В противоположность этому действенность этического инстинкта обеспечивается тем, что он направлен не на Всеобщее, а всегда только на Индивидуальное: он, как говорится, восходит к Конкретному. В то время как животное иногда вводит в заблуждение его витальный инстинкт, человека иной раз дезориентирует этический разум. Этический же инстинкт, то есть совесть, делает человека способным увидеть «единственно необходимое», а не всеобщее. Ведь только одна совесть в состоянии приложить «вечный», всеохватывающий «моральный закон» к единичной конкретной ситуации конкретной личности. Жизнь по совести всегда есть абсолютно индивидуальная жизнь в абсолютно конкретной ситуации, возникающей в нашем единственном и неповторимом существовании. Совесть схватывает конкретное «здесь» моего личного бытия.

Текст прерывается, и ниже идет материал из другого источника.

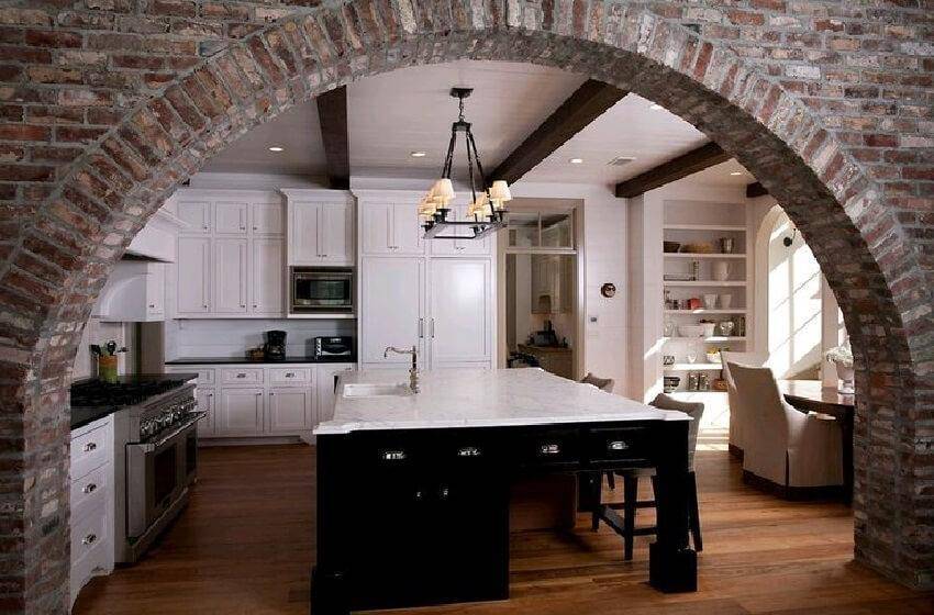 - Арочный проем. Более сложный вариант, так как при этом нужно учитывать форму изгибов. Для кирпичных стен выполнить такую работу может только профессионал, так как требуется соотношение с расположением швов кладки.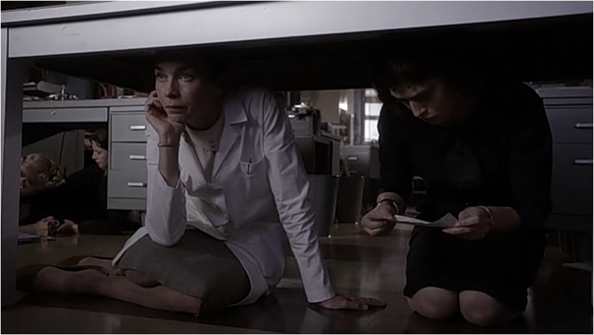 Masters of Sex 1.10 desk chatWhat this decision leads to is a pairing that has been growing over the past few weeks. In one of the simulated bomb warnings Dr. Lillian DePaul and Virginia share a desk shelter. As with the Virginia/Bill relationship, this one started out frosty and has been slowing thawing as Lillian comes to understand that Virginia isn’t the person she first perceived. Lillian is the one with the biggest ticking time bomb inside her; as with the threat of nuclear war she has her own condition that could kill her at any time. The research Lillian wants to do is incredibly important for the future of women’s health and the measly check of $600 is going to do nothing to advance her program. Virginia tends to be a glass half full kind of woman and she suggests charm as a way to obtain more funds and even though there are many similarities between Lillian and Bill, he has his gender to give him a boost when his terrible bedside manner fails.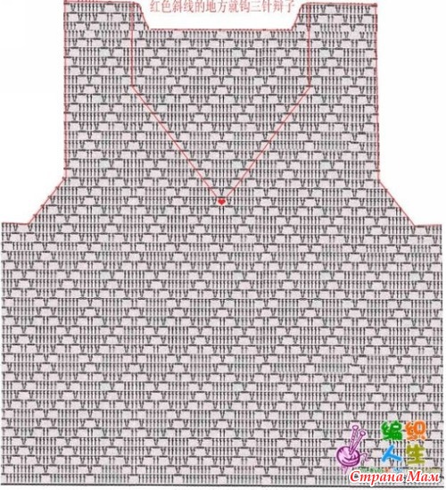 Нитью сине-зеленого цвета крючком № 3,5 набрать цепочку из 61 в. п. и вязать узором по схеме, соответственно чередуя цвет нити. На высоте 23 см убавить для пройм с обеих сторон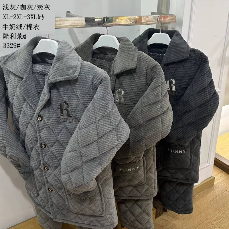 隆利莱牛乳絨毛男型綿服2025新型ファッション保温男は綿を挟んで男性の家庭服を厚くして流通している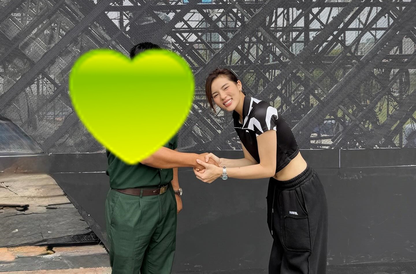 Thiên Ân quàng vai qua cổ Kỳ Duyên và đàn chị cũng nắm tay thân mật. Thời gian qua, cặp đôi liên tục vướng nghi vấn hẹn hò đồng giới.

Не следует понимать эти рассуждения как в чем-то направленные против «морального закона» – они лишь отдают должное совести.

Теперь мы хотим показать, что и в этом отношении – в том, что касается индивидуальной направленности совести, – любовь также можно поставить в известную аналогию с ней: не только решение совести направлено исключительно на индивидуальную возможность, но и решение любви. Если совесть раскрывает «единственно необходимое», любовь раскрывает «единственно возможное» – уникальные возможности любимого человека. Только любовь способна узреть личность в ее неповторимости, в ее абсолютной индивидуальности. В этом смысле она обладает важнейшей познавательной функцией. Возможно, эта ее познавательная способность была понята и по достоинству оценена еще в те времена, когда в древнееврейском языке любовный акт и акт познания обозначались одним и тем же словом.